Stored dataset items:
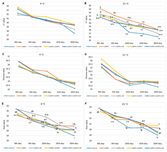 Color characteristics evolution of control and coated (CsMPs: Chitosan colloidal solution; CsMPs + Oil: Chitosan colloidal solution + thyme essential oil; CsMPs + SeMPs: Chitosan colloidal solution + Selenium colloidal solution; CsMPs + SeMPs + Oil: Chitosan colloidal solution + Selenium colloidal solution + thyme essential oil) cherry fruits over 20 days (0, 5, 10, 15, and 20 days) under two temperature conditions: L* value at 4 °C (A), L* value at 21 °C (B), Chroma value at 4 °C (C), Chroma value at 21 °C (D), Hue value at 4 °C (E), and Hue value at 21 °C (F). Different lowercase letters within each graph indicate significant differences between treatments and storage days, according to the LSD test (p > 0.05). If there is no statistical difference between storage days, no letters are included.
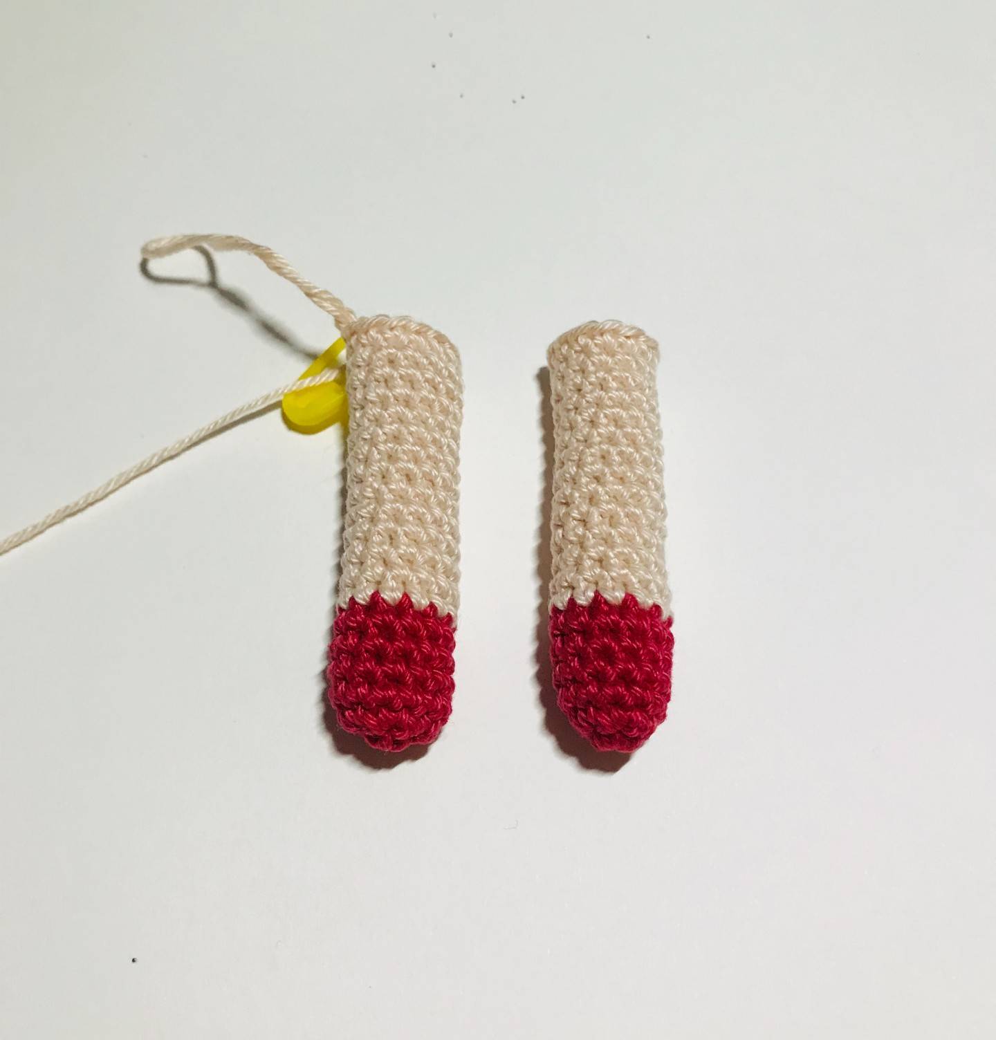 -> Fasten off for one of the parts and weave in ends.
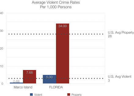 #3 Marco Island has a lot in common with Key Biscayne: both are tourist-frequented island communities where crime is scarce. Marco Island’s violent and property crime rates are even lower than those of the prior entry’s, yet the city falls slightly due its lower law enforcement-to-residents ratio.
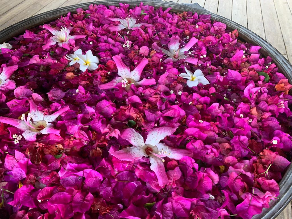 Die Flora ist hier im Südosten der USA so üppig und die Blütenpracht so überschwänglich, dass stilvolle Dekorationen mit Blüten eine Selbstverständlichkeit sind. Vor allem die hübsche Schale mit Plumerienblüten, Bougainvilleenblüten und den Blüten des Florettseidensbaums, die mich am Empfangstresen des B & Bs bei jeder Rückkehr begrüßte, werde ich vermissen.
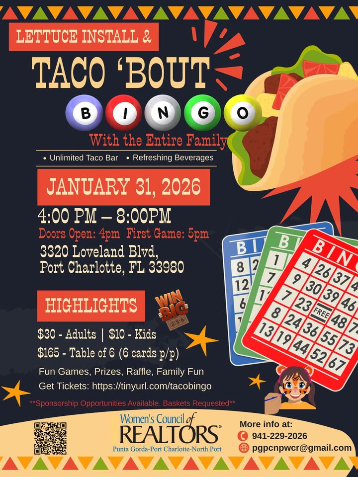 3320 Loveland Blvd, Punta Gorda, FL 33980-7403, United States 3320 Loveland Blvd, Punta Gorda, FL 33980-7403, United StatesTacos + Bingo + Installation = FUN! Join us for Taco Bingo Night as we celebrate the installation of the new Women’s Council of REALTORS® leadership board and kick off a year focused on community and growth. Get your tickets at: www.tinyurl.com/tacobingo Enjoy tacos, bingo, and great prizes, sponsored by Christopher Personal Injury Lawyer. Open […]
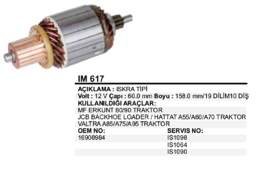 MARŞ KOLL. 12V.10D. 19 DILIM ISKRA TİPİ MF ERKUNT 80-90 TRAKTÖR/JCB BACKHOE LOADER/HATTAT A55-A60-A70 /VALTRA A85-A75-A95 16.908.984 REMA-IM617
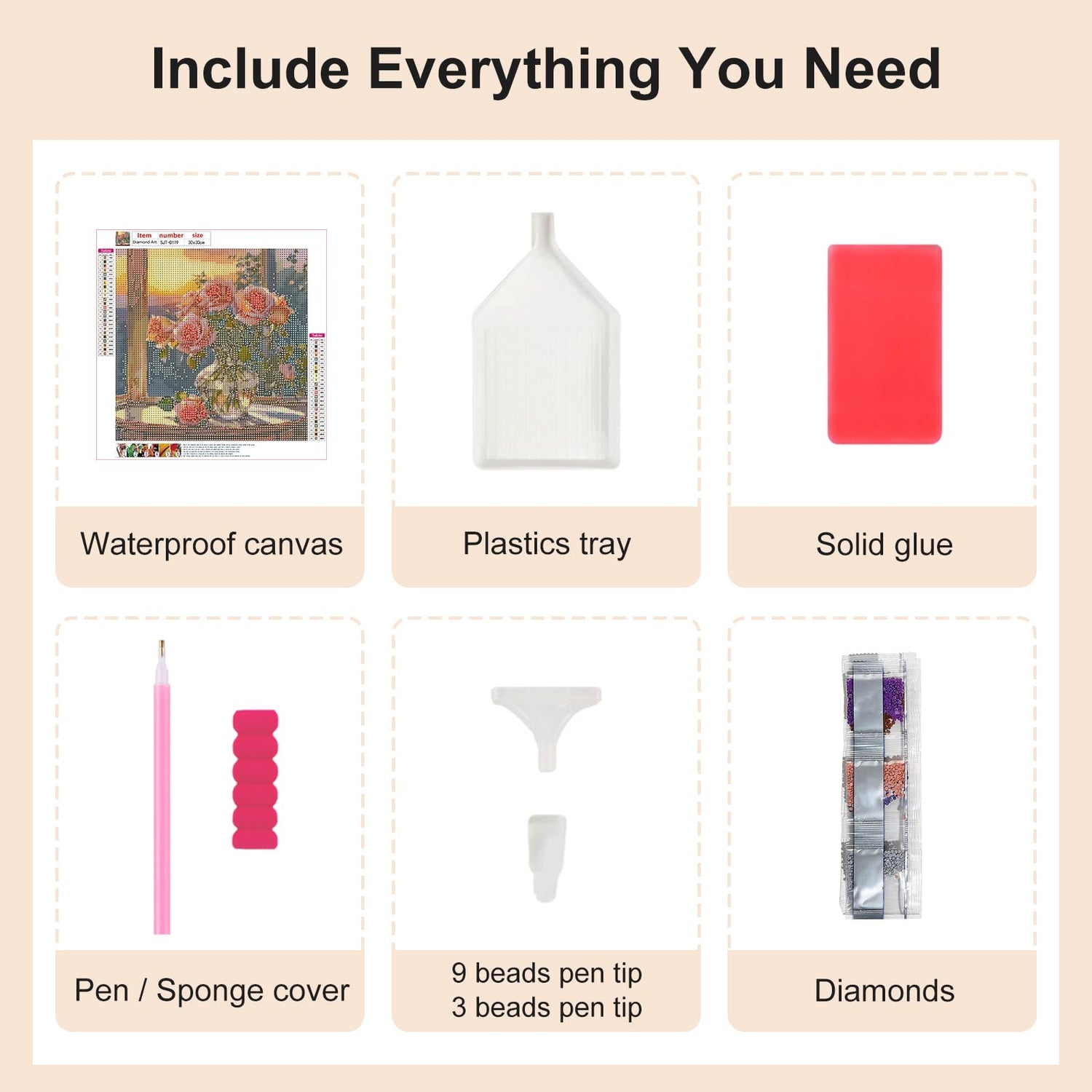- Contain All Tools: Our diamond painting kits contain all tools, 1*HD canvas, 1*set drill bags, 1*drill pen, 1*jelly glue, 1*tray, 1*9 beads pen tips, 1*3 beads pen tips, so you don’t need to purchase any additional tools. And all diamonds are provided 30% more than needed to complete
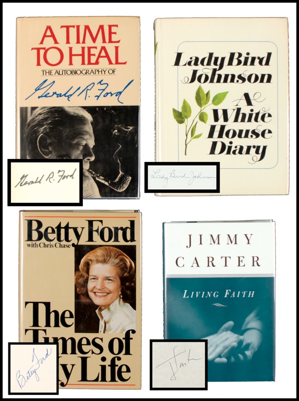 Group of four hardcover books: Living Faith, signed on the first free end page in black ink, “J. Carter”; A Time To Heal, signed in black felt tip on a bookplate affixed to the first free end page by Gerald Ford; A White House Diary, signed in blue ballpoint on a bookplate affixed to the first free end page by Lady Bird Johnson; and The Times of My Life, signed in blue felt tip on a bookplate affixed to the first free end page by Betty Ford. In fine overall condition. R&R COA.
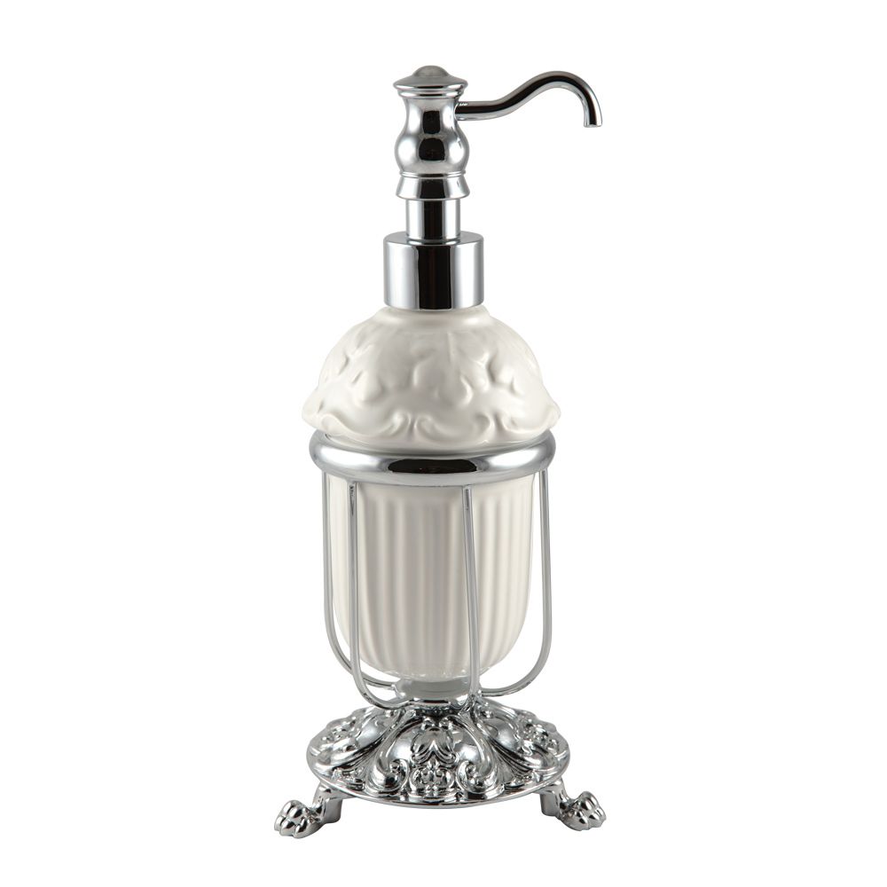 Дозатор жидкого мыла настольный с керамической колбой коллекции ELISABETTA бренда MIGLIORE - один из необходимых аксессуаров, который можно использовать в ванной комнате и на кухне для мыла или моющего средства. Высококачественная белая керамика легко моется, а нажимной механизм имеет эргономичный дизайн. Между керамикой и латунным кольцом имеется уплотнительное пластиковое кольцо, которое надежно удерживает колбу дозатора.
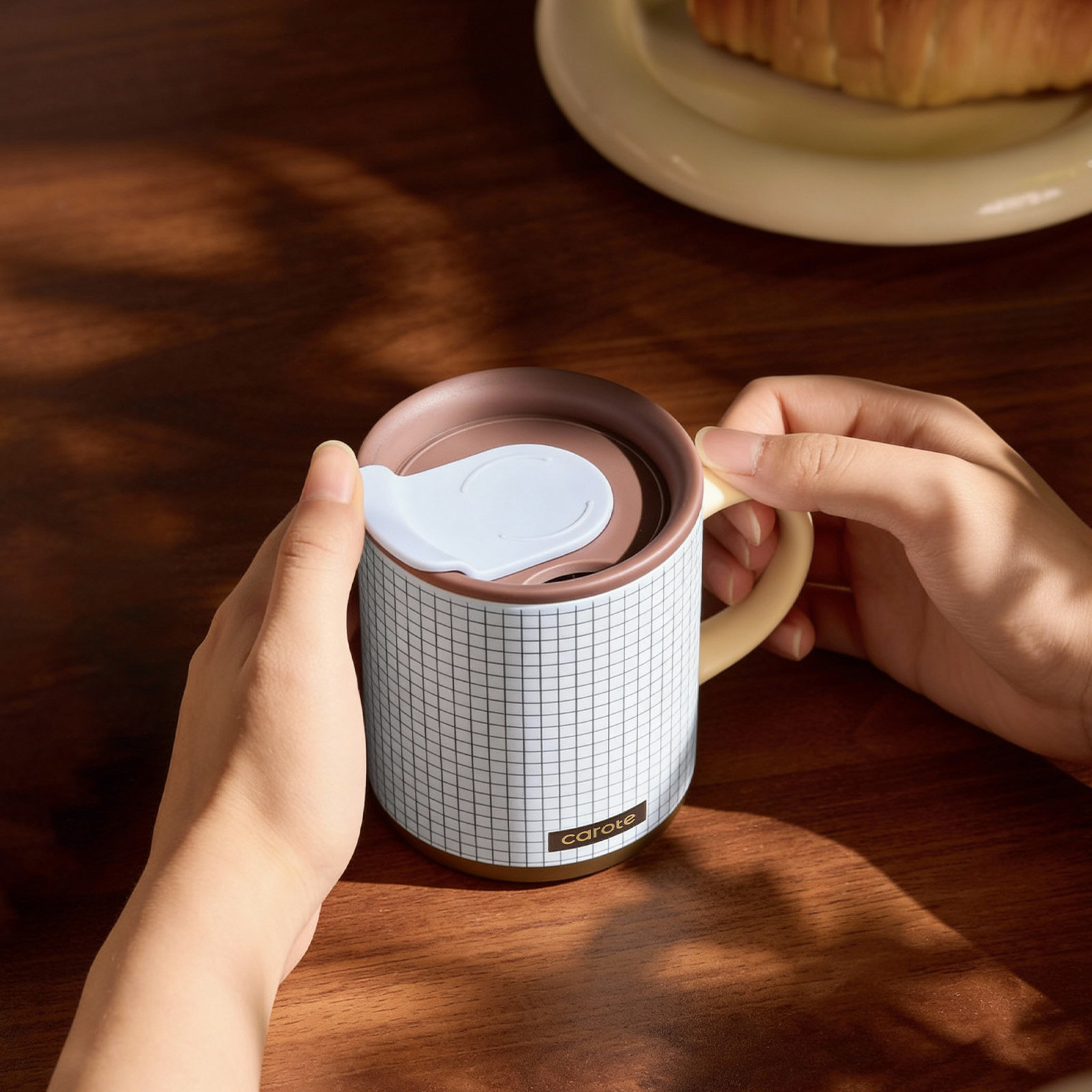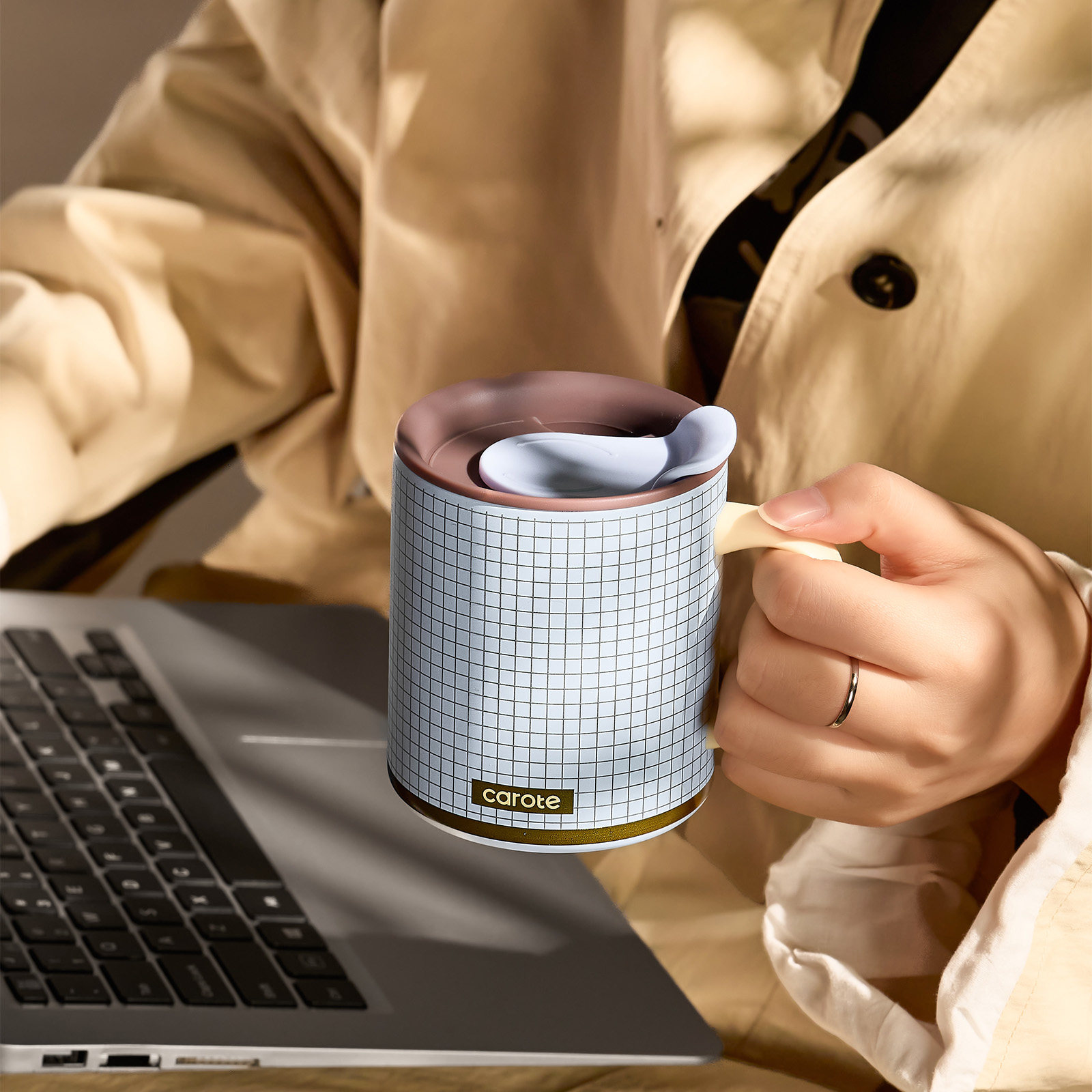卡罗特保温马克杯带盖水杯女家用316不锈钢办公室咖啡杯子带勺子

• Work request:
Skip every picture, and restate word for word only the lines above from the line containing "Lawyer. Open […]" to the line containing "MARŞ KOLL. 12V.10D.", both of them included.

• Completed exercise:
 3320 Loveland Blvd, Punta Gorda, FL 33980-7403, United States 3320 Loveland Blvd, Punta Gorda, FL 33980-7403, United StatesTacos + Bingo + Installation = FUN! Join us for Taco Bingo Night as we celebrate the installation of the new Women’s Council of REALTORS® leadership board and kick off a year focused on community and growth. Get your tickets at: www.tinyurl.com/tacobingo Enjoy tacos, bingo, and great prizes, sponsored by Christopher Personal Injury Lawyer. Open […]
 MARŞ KOLL. 12V.10D. 19 DILIM ISKRA TİPİ MF ERKUNT 80-90 TRAKTÖR/JCB BACKHOE LOADER/HATTAT A55-A60-A70 /VALTRA A85-A75-A95 16.908.984 REMA-IM617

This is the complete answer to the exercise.